Ты помнишь, как я его тогда брал на руки, а она сказала: «Дядя Коля, у вас медвежьи лапы, вы никогда не научитесь держать в них детей». Накаркала.
Долгое молчание.
Марков. Как ты зимовал?
Голубь. Как всегда. Первый год и думать о вас забыл, а к концу второго соскучился. Причалы построил, дома под крыши подвел, зеленый лук на подоконниках в ящиках вырастил. Все для новых зимовщиков приготовил, сел, положил ногу на ногу и заскучал.
Марков. Я тоже тут без тебя не веселился… Плохие у нас дела, дядя Коля.
Голубь. Уж чего хуже…
Марков. И с Катей – тоже плохо…
Голубь. А с ней что случилось?
Марков. Пока ничего. Как говорится, маленькое, не сразу заметное несчастье. Она разлюбила меня, ну а я, я тоже, значит, разлюбил ее, что же мне оставалось делать?
Голубь. Когда же началось это маленькое, не сразу заметное несчастье?

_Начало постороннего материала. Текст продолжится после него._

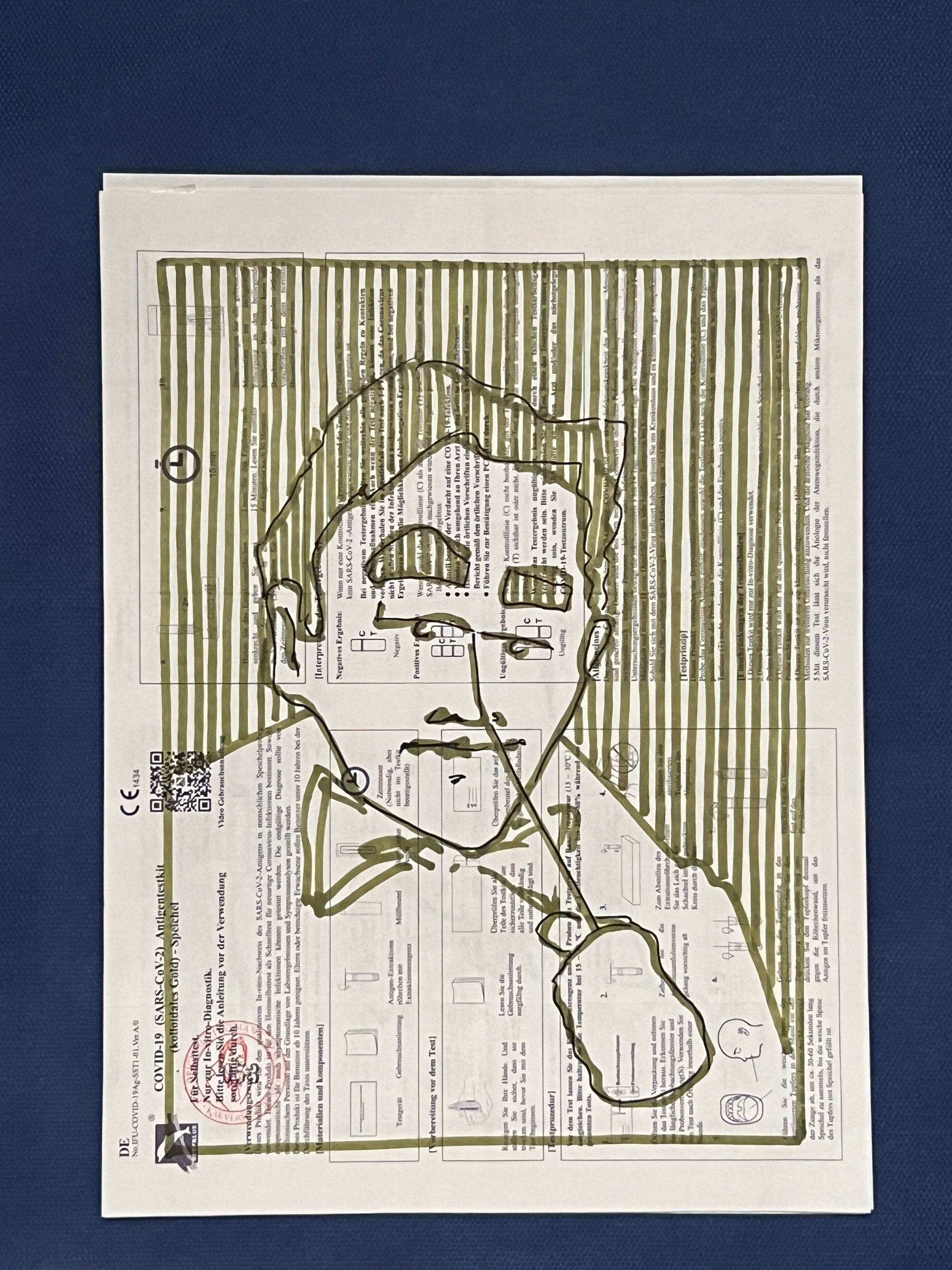 Eine Zeichnung des sich selbst testenden Coronatestmann mit Edding und Fineliner in Olivgrün und Schwarz auf dem Beipackzettel eines Corona-Antigentests. Dieses Original ist signiert sowie datiert im April 2021 und trägt die fortlaufende Nummer 053.

Марков. Если бы знать день, когда оно началось, так можно бы, пожалуй…
Пауза.
Незаметно это начинается, дядя Коля. Почему я молчаливый, почему я невнимательный, почему я не говорю, что она мне нужна, что я ее люблю? Она хочет, чтобы я каждый день напоминал ей об этом, а я не умею. Сказал раз на всю жизнь. И пусть помнит.
Голубь. Неумно.
Марков. Не знаю. Может быть. А тут – горе, да еще такое! Раньше, бывало, когда беда – словно какой-то силой толкало друг к другу, а здесь, как назло, – забились по углам. Она плакала. Много. А я – нет. Ее обижало, что я не плачу. Я чуть с ума не спятил. А она не понимала. Совсем перестала меня понимать. Может, без чужой помощи в конце концов и поняли бы друг друга, но тут как раз и помощь подоспела…
Пауза.
Ваганова Андрея помнишь, конечно?
Голубь. Того, что на год раньше тебя институт кончил и (кивнув на Маркова) у одного бедного студента невесту пробовал отбить? Как не помнить. Но он ведь, по-моему, оставшись ни при чем, сразу же, как уважающий себя человек, исчез с горизонта. Что, снова объявился?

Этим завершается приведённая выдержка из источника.